My last thing I'll say about not competing anymore is I did start to worry to worry about getting hurt yeah i did start to worry about it because you can feel
little things after you get a little bit and like it's just you know that at that level you're gonna
for me when i get hurt is when i have to push for a heavy load like i don't get hurt when i'm doing
muscle-ups or pull-ups i still love to do those things and i i fight i try to find the same
challenge that ben's talking about in like attaining like being able to press the handstand or try to like do something cool that way but it's a little
more controlled i started to get worried that like you know i like for me for ben be able to walk up
and power clean almost power clean 350 today i was like like the amount of impact that i have to put
on myself to still to even do regionals man. Like, it's just, I got scared.
You know, I got worried that I don't want something really bad to happen that's going
to impact me for the long term.
So as soon as I felt like it wasn't, you know, a drive, like...
The juice wasn't worth the squeeze.
It wasn't worth the squeeze.
Yeah, there you go.
I mean, do you guys have still something in the fitness realm that you want to accomplish
or is all that basically done at this point?
Benchmarks or?
Dude, honestly, I never wanted to win the games.

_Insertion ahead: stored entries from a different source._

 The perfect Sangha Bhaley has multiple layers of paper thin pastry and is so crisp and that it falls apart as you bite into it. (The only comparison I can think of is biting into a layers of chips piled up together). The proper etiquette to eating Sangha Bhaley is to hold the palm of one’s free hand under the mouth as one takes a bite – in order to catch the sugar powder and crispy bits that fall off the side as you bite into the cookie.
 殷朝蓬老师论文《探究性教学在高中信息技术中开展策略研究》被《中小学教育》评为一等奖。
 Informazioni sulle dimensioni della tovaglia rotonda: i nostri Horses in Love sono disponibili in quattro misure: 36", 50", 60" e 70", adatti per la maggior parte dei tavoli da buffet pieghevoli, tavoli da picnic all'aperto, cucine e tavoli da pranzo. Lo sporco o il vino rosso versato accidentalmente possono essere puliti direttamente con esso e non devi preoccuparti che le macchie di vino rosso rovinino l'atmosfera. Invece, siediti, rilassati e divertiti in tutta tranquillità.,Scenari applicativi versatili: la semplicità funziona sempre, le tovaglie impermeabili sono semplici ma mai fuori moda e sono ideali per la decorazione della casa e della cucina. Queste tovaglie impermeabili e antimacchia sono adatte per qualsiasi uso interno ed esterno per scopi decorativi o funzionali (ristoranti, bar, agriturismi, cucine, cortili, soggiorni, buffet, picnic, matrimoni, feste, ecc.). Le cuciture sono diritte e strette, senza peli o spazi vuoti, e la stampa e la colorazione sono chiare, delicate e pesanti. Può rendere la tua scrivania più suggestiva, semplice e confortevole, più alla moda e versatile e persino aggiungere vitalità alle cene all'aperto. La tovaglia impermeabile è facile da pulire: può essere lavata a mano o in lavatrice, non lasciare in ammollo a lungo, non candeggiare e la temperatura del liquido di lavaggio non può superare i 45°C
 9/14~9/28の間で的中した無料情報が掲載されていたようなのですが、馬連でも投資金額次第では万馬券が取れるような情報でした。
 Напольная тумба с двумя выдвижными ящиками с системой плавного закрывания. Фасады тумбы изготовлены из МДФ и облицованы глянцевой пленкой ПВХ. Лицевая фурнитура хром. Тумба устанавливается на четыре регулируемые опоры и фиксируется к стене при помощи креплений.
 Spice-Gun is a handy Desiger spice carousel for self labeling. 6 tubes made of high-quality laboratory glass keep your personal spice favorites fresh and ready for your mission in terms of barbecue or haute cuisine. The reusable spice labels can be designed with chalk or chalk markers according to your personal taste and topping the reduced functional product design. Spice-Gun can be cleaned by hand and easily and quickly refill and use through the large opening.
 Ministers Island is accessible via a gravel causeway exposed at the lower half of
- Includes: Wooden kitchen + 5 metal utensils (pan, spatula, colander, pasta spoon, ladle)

And everybody says they want to win the games.
I don't believe them.
Well, what's your new thing?
Like me, I want to snatch 315 and clean and jerk 405.
Still?
I still want to.
I want to get there.
Yeah, I want to get there.
I'll be 37 on July 25th.
Hopefully, whatever my wife plans
for my birthday allows for me to have a couple hours ago, the gym, and I can do both those
things on my 37th birthday to be literally the best I've ever been at those things. Right. For
me, does that mean I'm really good? Turns out in the space, if you can do those things, that's
still a really respectable number. So it's cool. But if I was still at 280 or
whatever, I would still have
something. It just happens to be those things
are kind of cool numbers. I don't know.
I just like adventurous stuff.
I'll be down for a photo
on top of any mountain. There you go.
Or, I don't know. I just want
paragliding. Is there a certain mountain that
you want the picture?
I think the top of Denali is pretty sweet.
I'm doing...
There you go.
That's your 315-405.
I'm doing Mount Rainier as soon as the snow melts.
That's a couple days.
It has a very similar view to the top of Denali.
I haven't done it yet, but...
Have you done Whitney?
I've done Whitney a few times.
Whitney's really good.
It's got a good view at the top.
Wow.
I don't have anything like that that I can think of.

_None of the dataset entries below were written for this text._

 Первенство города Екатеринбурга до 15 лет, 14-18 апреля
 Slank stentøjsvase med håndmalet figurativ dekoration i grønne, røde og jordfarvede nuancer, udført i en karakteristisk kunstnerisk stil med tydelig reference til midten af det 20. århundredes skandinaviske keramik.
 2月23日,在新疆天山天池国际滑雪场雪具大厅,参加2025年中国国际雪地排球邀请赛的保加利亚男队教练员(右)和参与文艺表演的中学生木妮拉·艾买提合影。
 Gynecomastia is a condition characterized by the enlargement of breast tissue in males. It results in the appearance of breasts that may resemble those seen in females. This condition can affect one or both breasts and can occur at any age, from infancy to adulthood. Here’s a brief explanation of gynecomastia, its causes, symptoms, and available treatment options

I think more for me is like I've been
very motivated this last
year
to like grow
our business on the gym side
of things. I've been getting competitive with the numbers.
Oh yeah, that's cool. I've been telling Ben
we've had this really great reporting software.

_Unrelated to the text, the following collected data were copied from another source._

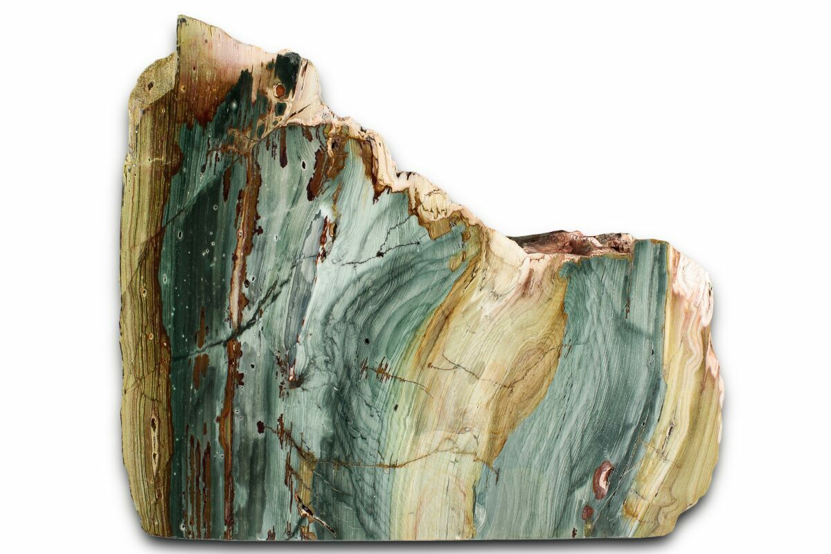 Gary Green Jasper, also referred to as petrified bog wood or Larsonite, is a form of petrified wood from a location near McDermitt, Oregon on the Nevada/Oregon border. It is believed to be wood covered by volcanic activity between 11-15 million years ago. The volcanic event covered this area in debris that deprived the plants of oxygen, halting the decay process. Minerals from the volcanic ash then acted as the replacement material for this petrification/mineralization, giving the wood these vibrant colors.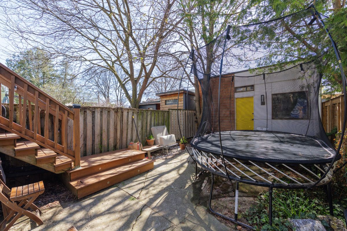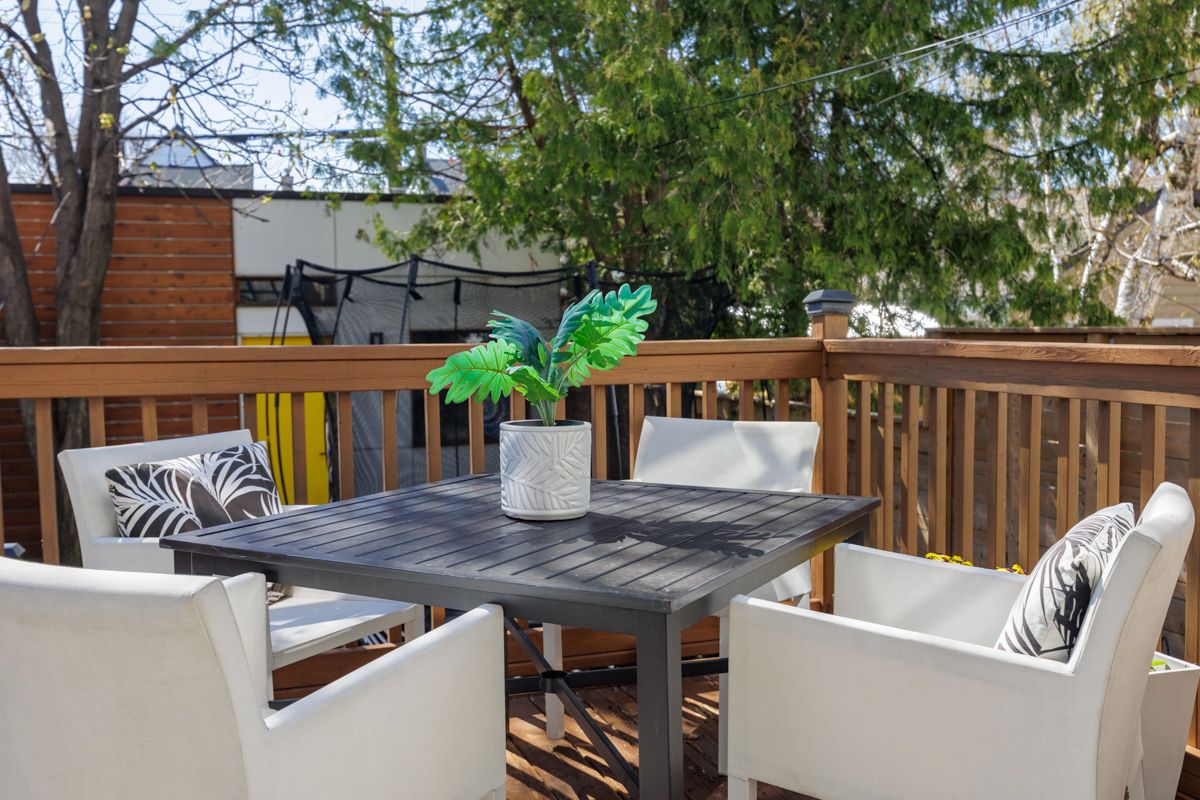 • West-facing backyard oasis with a large deck and BBQ area.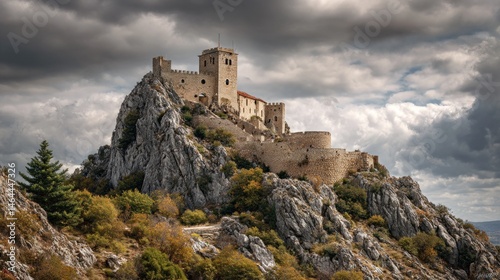 Medieval castle perched on rocky hilltop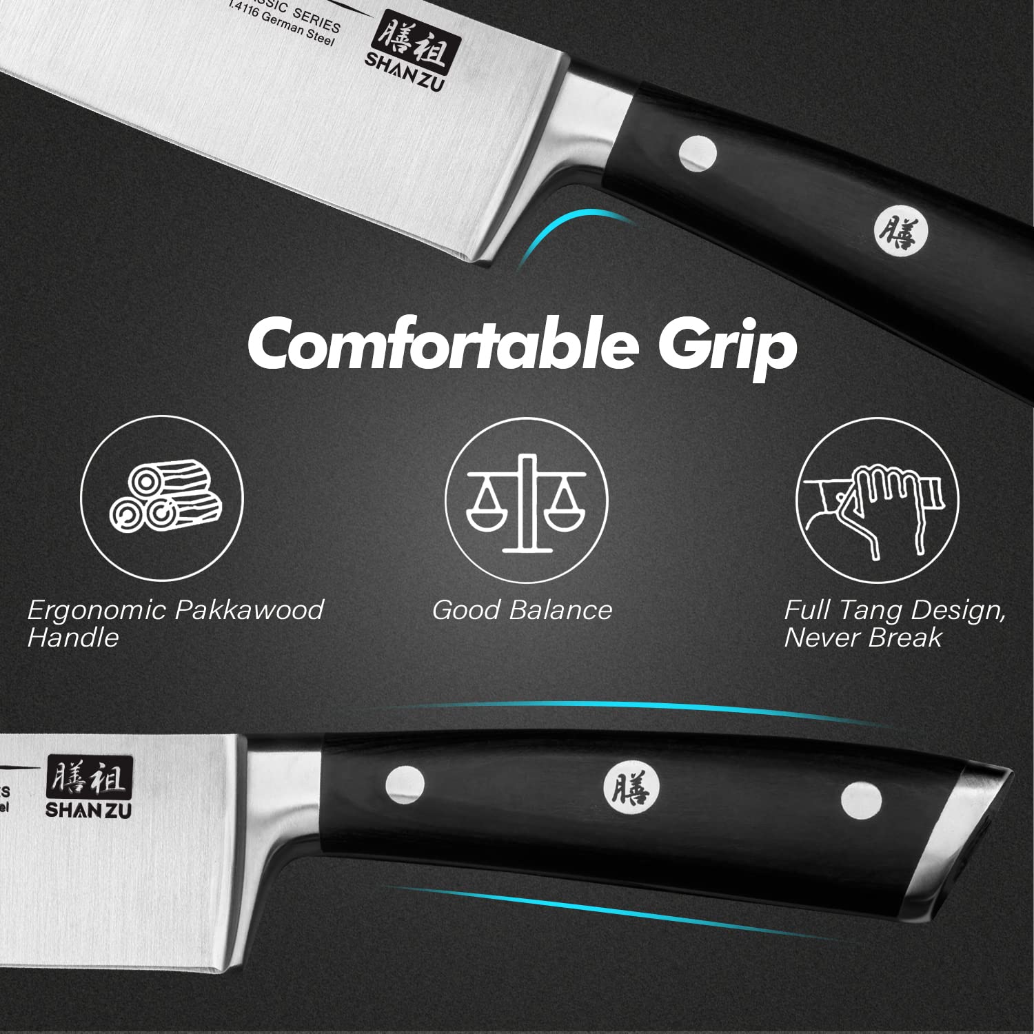 Série White Tiger | SHAN ZU Set de Couteaux de Cuisine 3 Pièces+ Barre aimantée en bois

Wadhopper is like we transferred to them last
year and they've been awesome.
And I can see every dollar that's coming in, every dollar that's where it's coming from.
And it's like a game.
I'm like, oh, my God, look how much people are buying sweatshirts this month or whatever.
Yeah, yeah, yeah.
It's cool.
And so that's been kind of motivating.
That's been kind of a file.
I feel like I'm getting competitive the same way I would get competitive in school
where, like, you turn in, like, a report card.
Yeah, that stuff can be fun.
Yeah.
I have a bunch of stuff like that we'll get into a little bit later.
Yeah.
But, yeah, guys, thanks so much for being on the show.
I just kind of bumped into these two walking around Waterpalooza over here.
Yeah.
And just figured we'd just have a little chat.
Just being respectful OGs.
We always oblige.
That's right.
So where can the world find you guys right now?
So obviously you guys have social media.
Pretty soon your kids will have some YouTubes we can drop down on another show in the future.
And then you guys have your own podcast.
Yeah, so our podcast is Beyond the Barbell.
We have an Instagram account that is not very active.
We don't use it that well.
We're too OG to really run our Instagram.
We don't know how to use these.
The personalities are really what's more important here.
What's your personal handles?
Personal handle, Morrison underscore Blair.
And then my gyms and our travel channel is AnywhereFit underscore.
And I am Iron Mile Ben.
At Iron Mile Ben.
That's right.
Ben's got a great Instagram channel.
If you guys don't follow Ben, it's good.
He does a great job of showing some of his family, some of his training, and then some of his humor because he's a really funny guy.
Cool.
He's good at it.
I try to be.
Instagram is cool.
I hate when you meet somebody on Instagram or from Instagram and they're not the same.
Yeah, it happens a lot.
That's like 90% of the time.
Right?
I'm like, I am all about faith, family, and my fitness.
And you'll see that on my Instagram all the time. Awesome? I'm like, I am all about faith, family, and my fitness. And you'll see that
on my Instagram all the time.
Awesome. Nothing different.
Well, I think my Instagram definitely reflects
me pretty well. If you guys don't follow me on Instagram,
you've personally hurt my feelings. Dude, I just
started following you before this.
Like two, three weeks ago, I started following you. Oh, really?
Cool. Yeah, I did. Did you like it? Yeah.
I actually, I'll tell you why quickly.
I know you're wrapping this thing up, but the reason why I follow you is because I feel like you're very authentic. Like, you're Yeah. I'll tell you why quickly. I know you're wrapping this thing up.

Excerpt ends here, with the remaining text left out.